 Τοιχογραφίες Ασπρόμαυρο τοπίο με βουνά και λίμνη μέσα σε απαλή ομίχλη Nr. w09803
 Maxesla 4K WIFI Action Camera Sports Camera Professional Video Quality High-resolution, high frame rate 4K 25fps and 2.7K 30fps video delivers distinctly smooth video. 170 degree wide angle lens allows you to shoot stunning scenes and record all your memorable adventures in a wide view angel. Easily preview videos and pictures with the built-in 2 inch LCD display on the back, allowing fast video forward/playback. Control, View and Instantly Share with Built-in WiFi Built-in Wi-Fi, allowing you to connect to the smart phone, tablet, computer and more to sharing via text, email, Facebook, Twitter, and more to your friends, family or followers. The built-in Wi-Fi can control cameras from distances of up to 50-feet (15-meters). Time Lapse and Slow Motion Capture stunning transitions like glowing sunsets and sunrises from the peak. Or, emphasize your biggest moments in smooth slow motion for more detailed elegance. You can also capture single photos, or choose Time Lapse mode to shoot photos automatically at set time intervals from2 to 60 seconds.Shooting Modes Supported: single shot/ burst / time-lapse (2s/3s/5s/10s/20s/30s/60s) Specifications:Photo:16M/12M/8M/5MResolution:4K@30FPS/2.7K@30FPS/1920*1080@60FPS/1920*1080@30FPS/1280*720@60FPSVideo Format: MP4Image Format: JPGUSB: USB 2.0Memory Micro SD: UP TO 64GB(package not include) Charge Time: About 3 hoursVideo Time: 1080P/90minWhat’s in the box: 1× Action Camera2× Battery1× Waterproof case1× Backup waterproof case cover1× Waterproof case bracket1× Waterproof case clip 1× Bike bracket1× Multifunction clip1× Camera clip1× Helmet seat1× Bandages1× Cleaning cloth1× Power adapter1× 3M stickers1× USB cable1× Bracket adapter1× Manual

...

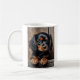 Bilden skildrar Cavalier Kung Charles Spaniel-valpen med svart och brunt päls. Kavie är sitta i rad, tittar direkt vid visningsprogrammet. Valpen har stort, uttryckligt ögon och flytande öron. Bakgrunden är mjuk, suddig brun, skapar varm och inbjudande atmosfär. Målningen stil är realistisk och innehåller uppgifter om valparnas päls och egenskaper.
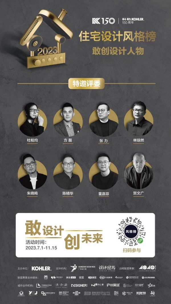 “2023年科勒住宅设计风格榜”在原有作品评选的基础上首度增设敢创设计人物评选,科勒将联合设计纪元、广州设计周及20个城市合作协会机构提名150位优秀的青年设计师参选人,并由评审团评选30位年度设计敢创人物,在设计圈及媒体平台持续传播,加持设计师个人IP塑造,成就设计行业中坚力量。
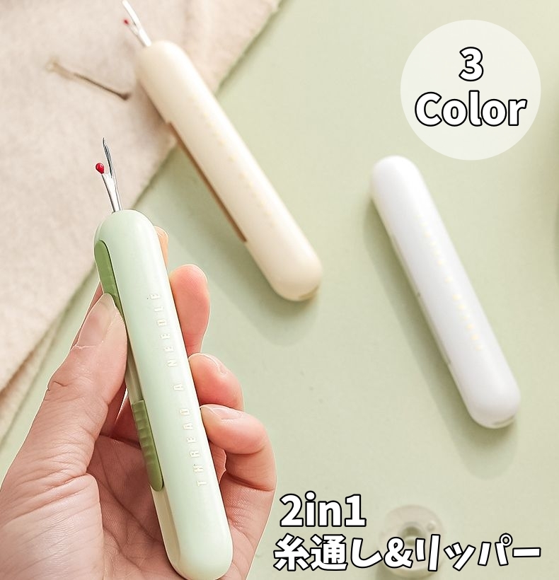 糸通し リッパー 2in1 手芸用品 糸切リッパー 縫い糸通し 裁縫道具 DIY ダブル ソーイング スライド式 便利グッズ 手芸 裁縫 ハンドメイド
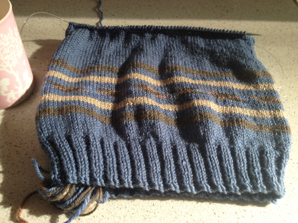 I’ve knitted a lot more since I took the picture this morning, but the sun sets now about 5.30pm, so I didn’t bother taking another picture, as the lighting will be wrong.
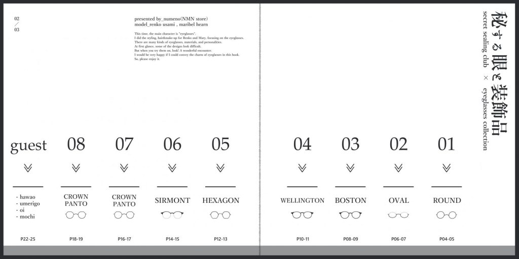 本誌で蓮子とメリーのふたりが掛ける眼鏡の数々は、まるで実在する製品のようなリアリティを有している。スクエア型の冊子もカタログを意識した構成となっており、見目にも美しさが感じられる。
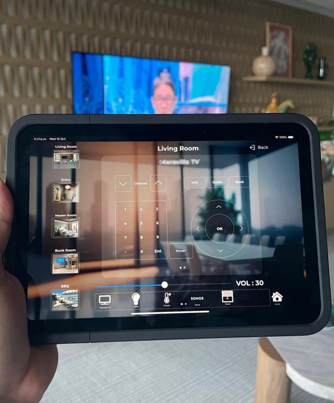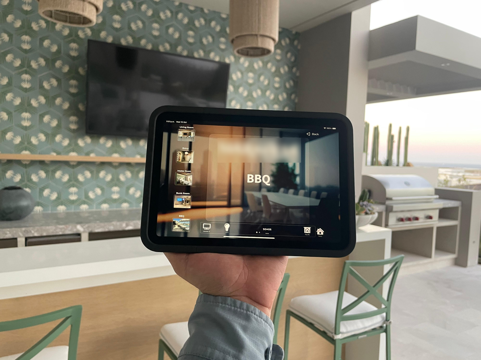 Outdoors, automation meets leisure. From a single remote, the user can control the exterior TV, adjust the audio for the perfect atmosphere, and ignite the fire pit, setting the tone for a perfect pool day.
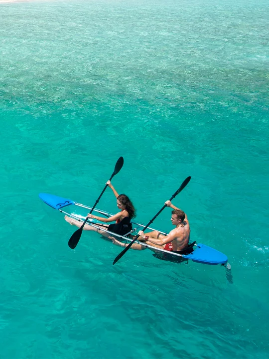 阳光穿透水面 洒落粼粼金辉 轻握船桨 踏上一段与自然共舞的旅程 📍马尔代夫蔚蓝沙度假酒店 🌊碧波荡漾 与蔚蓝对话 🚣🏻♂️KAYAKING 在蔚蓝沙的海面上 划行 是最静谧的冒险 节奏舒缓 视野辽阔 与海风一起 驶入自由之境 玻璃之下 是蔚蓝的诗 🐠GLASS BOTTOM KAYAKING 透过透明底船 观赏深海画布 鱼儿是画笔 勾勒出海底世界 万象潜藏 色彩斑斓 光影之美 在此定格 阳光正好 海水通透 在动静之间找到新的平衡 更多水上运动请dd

Your task
From the records above, give again only the part that opens with the line containing "本誌で蓮子とメリーのふたりが" and closes with the line containing "阳光穿透水面 洒落粼粼金辉 轻握船桨". Keep both ends but drop the pictures.

Response below
 本誌で蓮子とメリーのふたりが掛ける眼鏡の数々は、まるで実在する製品のようなリアリティを有している。スクエア型の冊子もカタログを意識した構成となっており、見目にも美しさが感じられる。
 Outdoors, automation meets leisure. From a single remote, the user can control the exterior TV, adjust the audio for the perfect atmosphere, and ignite the fire pit, setting the tone for a perfect pool day.
 阳光穿透水面 洒落粼粼金辉 轻握船桨 踏上一段与自然共舞的旅程 📍马尔代夫蔚蓝沙度假酒店 🌊碧波荡漾 与蔚蓝对话 🚣🏻♂️KAYAKING 在蔚蓝沙的海面上 划行 是最静谧的冒险 节奏舒缓 视野辽阔 与海风一起 驶入自由之境 玻璃之下 是蔚蓝的诗 🐠GLASS BOTTOM KAYAKING 透过透明底船 观赏深海画布 鱼儿是画笔 勾勒出海底世界 万象潜藏 色彩斑斓 光影之美 在此定格 阳光正好 海水通透 在动静之间找到新的平衡 更多水上运动请dd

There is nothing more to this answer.